Impact Of Change In Price On Net Sales:
         
    %  
    Increase /(Decrease)  
Towables
       
Travel Trailers
    4.0 %
Fifth Wheels
    7.9 %
Other
    (12.7 )%
Total Towables
    8.2 %
The increase in towables net sales of 23.5% resulted from a 15.3% increase in unit shipments and an 8.2% increase in the impact of the change in the net price per unit. Recently acquired Heartland accounted for $50,119 of the $80,313 increase in total towables net sales and for 1,789 of the 2,410 increase in total towables unit sales.
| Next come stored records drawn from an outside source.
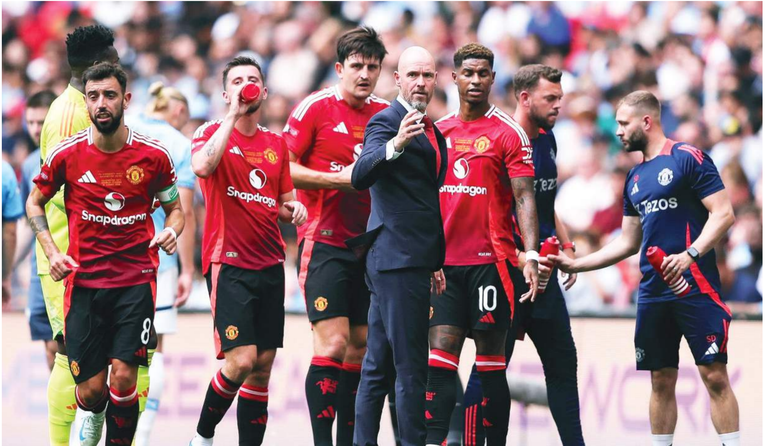
تين هاج مدرب مانشستر يونايتد يلقي التعليمات على لاعبيه

«فيلا بارك» يستضيف اليوم موقعة «مانشستر يونايتد» مع «أستون فيلا» ضمن منافسات «البريميرليج»
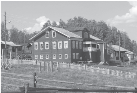
Традиционный дом ижемских коми. Село Мохча, Ижемский район Республики Коми, 2007 г.
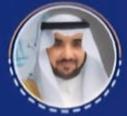
سعادة الاستاذ الدكتور محمد بن فهد الشارخ
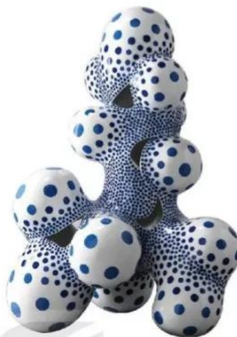
Dấu chấm màu xanh, điêu khắc sứ, Ha-ru-mi Na-ca-si-ma
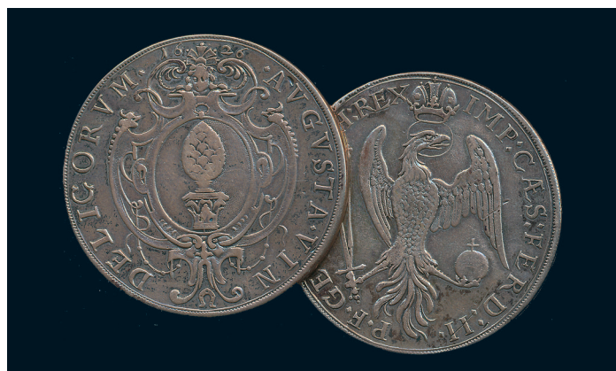
831 * Germany. Augsburg. Box thaler 1626 (empty). Dav 5021. F-VF cleaned. 500
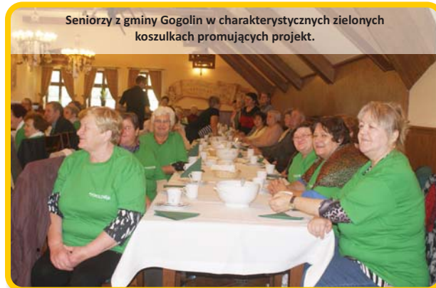
Seniorzy z gminy Gogolin w charakterystycznych zielonych koszulkach promujących projekt.
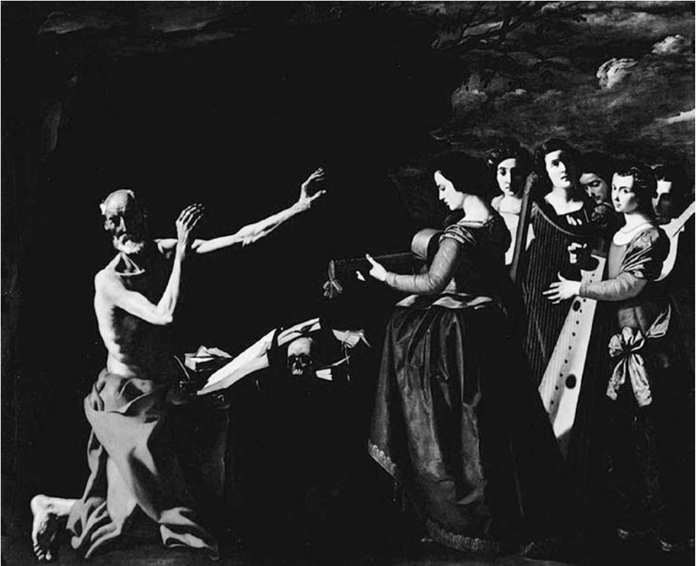
Francisco de Zurbarán (1598–1664). Šv. Jeronimas, tyruose kankinamas prisiminimų (gr. λογίσμοι) apie šokančias Romos merginas 4 .

į Šventąjį Kalną“ – galimas šaltinis „fenomenologinių meditacijų“, taip pat tikrinančių, ant ko būtų galima „stovėti tvirtai“ (Gal 5, 1), pasaulį apžvelgti panoramiškai. Kalbant karteziškai, šios religinės tradicijos puoselėtojas irgi ieško to, kieno bent jau buvimu, veikimu jokia racionali būtybė daugiau nepajėgtų abejoti, kieno buvimu ir veikimu visiškai akivaizdumas, tikrumas (lot. certitudo ), patiriamas mistinėje teofanijos dovanoje (o fenomenologui – transcendentinėje savimonėje), nekeltų jokios dvejonės. Nebent jis pats, nors ir ištiktas dvasioje Dievo tikrovės akivaizdumo patirties, sąmoningai nenorėtų ant taip

As the industry continues to stabilize, current customer preference in the fifth wheel and travel trailer markets is trending toward higher priced units with additional features and upgrades compared to a year ago. This trend was partially offset by increased discounting, which effectively reduces the net sales price per unit. The “other” market relates primarily to the park model industry, which has not recovered from the depressed market conditions of the past few years. As a result, more lower priced units are being sold and at greater discounts than last year, resulting in the 12.7% reduction in net price per unit.
The overall industry increase in wholesale unit shipments of towables for August and September 2010 compared to the same period last year was 5.6% according to statistics published by the Recreation Vehicle Industry Association.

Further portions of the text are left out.